Мак-Грегор снова спросил, что им от него угодно.
По дошедшим до них из разных источников сведениям, начал англичанин, Мак-Грегор уполномочен курдами вести розыски денег, переведенных в Европу для закупки оружия. Не так ли?
– Отчасти, – сказал Мак-Грегор.
– Мы знаем это достоверно, – вмешался голландец. – Мы имеем тут… – Он расстегнул черную на «молнии» папку, бережно раскрыл ее на столике, – имеем предварительное соглашение, подписанное нами с курдским представителем, Манафом Изатом, впоследствии умершим в Лионе. У нас тут грузовые манифесты того, что он согласился купить, а мы – поставить.
– Списки оружия?
– А чего же другого?
– Об этой стороне дела я ничего не знаю, – сказал Мак-Грегор. – Вести переговоры об оружии я не уполномочен.
– Не уполномочены – так уполномочьтесь, – сказал голландец, – потому что у нас тут товар на двести с лишним тысяч фунтов, заказанный вашим Комитетом, но до сих пор не оплаченный. Мы ждем от вас оплаты, – ткнул голландец пальцем в бумаги, – и завершения переговоров о доставке.
Мак-Грегор поглядел на листок папиросной бумаги – тусклой, через копирку, печати – с грузовыми списками, в которые он не стал и заглядывать, не желая знать, что там за оружие.
– Но ведь это не соглашение, – сказал он. – Я не вижу здесь подписей.
Голландец отыскал в папке другой документ.
– Вот оригинал предварительных условий, подписанный Манафом Изатом.
Он подал Мак-Грегору еще один тоненький листок с машинописным французским текстом. Внизу виднелись закорючки подписей, и в числе их персидская вязь подписи Манафа. Текст гласил, что стороны договорились прийти к соглашению касательно списка товаров, составленного как отдельный документ.

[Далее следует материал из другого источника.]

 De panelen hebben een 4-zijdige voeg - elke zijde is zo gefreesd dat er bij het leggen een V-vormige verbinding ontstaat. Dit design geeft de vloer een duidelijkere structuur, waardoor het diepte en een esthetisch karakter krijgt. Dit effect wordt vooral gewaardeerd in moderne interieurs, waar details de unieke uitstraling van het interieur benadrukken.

– Здесь сказано лишь: договорились прийти к соглашению, – заметил Мак-Грегор. – А где же само соглашение, где контракт?
– Перед вами, – постучал Стронг пальцами по листку. – По французским законам, это имеет силу обязательства.

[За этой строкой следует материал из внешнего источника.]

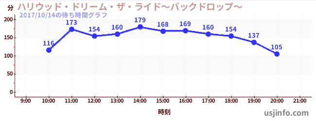 • ハリウッド・ドリーム・ザ・ライド〜バックドロップ〜$B$N(B2017年10月14日の待ち時間

– Сомневаюсь, – сказал Мак-Грегор и допил свой кофе. – Так или иначе, – прибавил он, – я не могу вам помочь, поскольку это совершенно не входит в мои прерогативы.
Голландец вспыхнул было, но Стронг остановил его жестом руки.
– Минуточку, Мак-Грегор, – проговорил он. – Нам понятно, в какой вы ситуации, – сказал он интимно-доверительно, как англичанин англичанину. – Вы ведь не добыли этих денег, верно? И значит, не можете обещать нам уплату, верно?
– Допустим…
– Мы знаем, что денег этих у вас нет, – веско сказал Сеелиг. – Но если вы согласитесь соблюсти условия контракта, то мы поможем вам получить эти деньги из фарсского банка.
– Каким образом?
– Уж поверьте нам, – сказал Стронг. – Мы сможем.
Мопс залаял, и Сеелиг опять отошел к биллиарду.
– А вы, Мак-Грегор, знали, что деньги лежат в фарсском банке?
– Разумеется.
– Значит, у вас был уже разговор с полковником Сероглу, – сказал Стронг. – Но наше-то предложение не в пример выгодней.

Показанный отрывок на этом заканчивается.